Lin, J., Milligan, I., Oard, D. W., Ruest, N., & Shilton, K. (2020). We Could, but Should We?: Ethical Considerations for Providing Access to GeoCities and Other Historical Digital Collections. Proceedings of the 2020 Conference on Human Information Interaction and Retrieval, 135–144. https://doi.org/10.1145/3343413.3377980

This article considers the ethical issues of web archiving, particularly when it comes to researchers that want to work with older content. The authors suggest that research that uses certain online data sets, particularly the archived collection of GeoCities websites, necessarily changes the context of publication. Despite being published on the public web, GeoCites were once relatively private and making the archive freely available could disclose personal information in a way that had never been anticipated. While our use of the Genius.com database does not raise the same issues of private information, this article serves as an important reminder that by using publicly available data we are nevertheless transforming it and changing the context of publication.

Moser, S. (2007). Media modes of poetic reception: Reading lyrics versus listening to songs. Poetics, 35(4), 277–300. https://doi.org/10.1016/j.poetic.2007.01.002

In this article, Moser argues that “songs are a multisensorial mode of linguistic communication” and therefore analyses of how song texts are received may consider many factors. Although lyrics exist in multiple modalities, such as oral, printed, and audiovisual forms, most analyses of lyrics follow traditional methods of textual analysis. Moser suggests that lyrics that have been separated from their melody and vocal reproduction does not necessarily represent the full song text. This is an important caveat for our project, where lyrics specifically take a central role. While we may be able to describe broad trends in jazz lyrics, we must be weary of overgeneralizing our findings as representative of jazz music more

Myers, M. (2013). Why Jazz Happened. University of California Press.

This book provides a social history of the mid century, specifically 1942-1972, jazz that connects changes in style to changes in the music industry, and in American culture at large.
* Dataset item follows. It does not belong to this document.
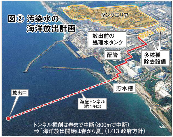 汚染水の海洋放出は、沖合1㌔まで海底トンネルを掘ってそこから放出する計画だ【図2】。国や東電は福島県知事の了解を得ないと海底トンネルをつくれないが、福島県の内堀知事は昨年8月に許可した。汚染水問題をめぐっては、岸田政権と福島県政は一体となって進めようとしている。
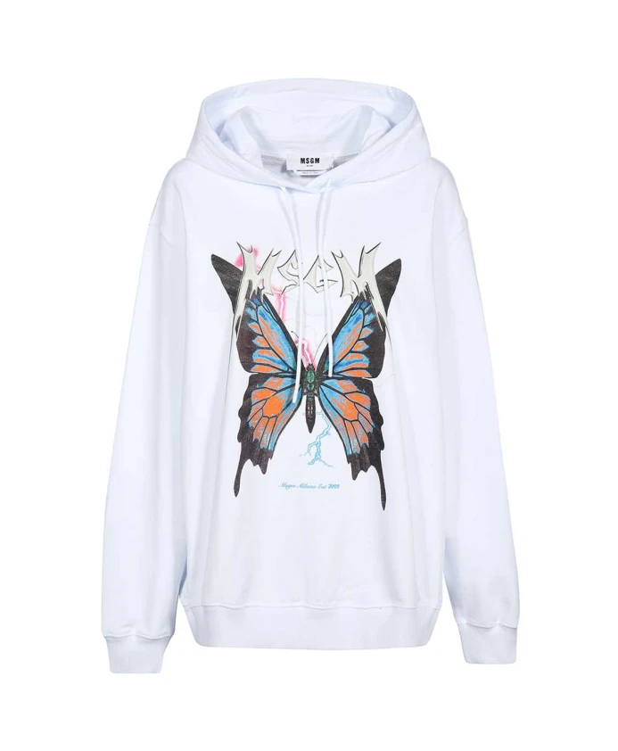 Хлопковая толстовка с длинным принтом Msgm, белый

The narrative focuses almost entirely on the major commercial and technological forces that allowed jazz to be recorded and broadcast. Some of the major extra-musical factors that made this possible include developments in business, technology, the economy, demographics, and race relations. Myers accomplishes this by using a combination of sources, much pulled from insider interviews Myers personally conducted during the years 2008-2011 with performers, producers, and many others within the industry. In our encoding of song lyrics, various words and phrases found in these songs that correlate to specific social history events can be correctly tagged and/or noted.
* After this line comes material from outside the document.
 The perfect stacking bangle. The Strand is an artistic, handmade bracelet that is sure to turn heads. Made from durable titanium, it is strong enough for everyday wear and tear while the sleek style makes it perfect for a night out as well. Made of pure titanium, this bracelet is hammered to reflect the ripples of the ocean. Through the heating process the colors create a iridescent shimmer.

Rhody, L. M. (2012). Topic Modeling and Figurative Language. Journal of Digital Humanities, 2(1). http://journalofdigitalhumanities.org/2-1/topic-modeling-and-figurative-language-by-lisa-m-rhody/ 

LDA looks at a finite number of topics within a corpus of texts. Topic modeling of figurative texts does not produce topics with the same clarity as non-fiction or academic text in general (how would this work for song lyrics?). Can not apply labels to topics in the same way based on our assumption that the topics or “thematic” especially if you know the texts and are pre-supposed to reading it a certain way (e.g. the meanings are more fluid in figurative texts). Topics are representations of discourse rather than thematics strong of coherent terms (language as it is used and is it participates in recognized social forms) = TYPES OF TOPICS. Then examine the docs/samples of docs that the model tells you apply to each type of discourse to see what they tell you about the generated topic.

Rustin-Paschal, N., & Tucker, S. (Eds.). (2008). Big ears: Listening for gender in jazz studies. Duke University Press.

Tucker and Rustin-Paschal put together a collection of articles by eminent scholars in multiple disciplines, all centered around the idea of jazz and gender. Various articles cover women and men, masculinity and femininity, race, class, and space in varied ways. Specifically with the article, "Separated at 'Birth': Singing and the History of Jazz", the author critiques the ways in which singing (gendered female) and actual female singers have been removed from the genre and history of jazz in favor of the dominance of male-coded instrumentalism. By our DH project focusing (almost) exclusively on song lyrics as a textual analysis, we are re-emphasizing the importance of singers and their significant role within the jazz genre. For our own use of this book, not all articles will be used since the chapters included go beyond our own scope such as Ursel Schlicht's article on women musicians and audiences in post-war Germany.

Stratton, V. N., & Zalanowski, A. H. (1994). Affective Impact of Music Vs. Lyrics. Empirical Studies of the Arts, 12(2), 173–184. https://doi.org/10.2190/35T0-U4DT-N09Q-LQHW

This article demonstrates that lyrics alone can evoke different affective responses, as compared to music alone or music and lyrics combined. This research demonstrates the value in a project such as ours, which focuses solely on the lyrics of music. However, it also rightly reminds us that lyrics have a different impact on individuals when they are separated from their original music. Therefore, our project must be precise in how we describe our methodologies, as well as recognize the limited scope of our analysis.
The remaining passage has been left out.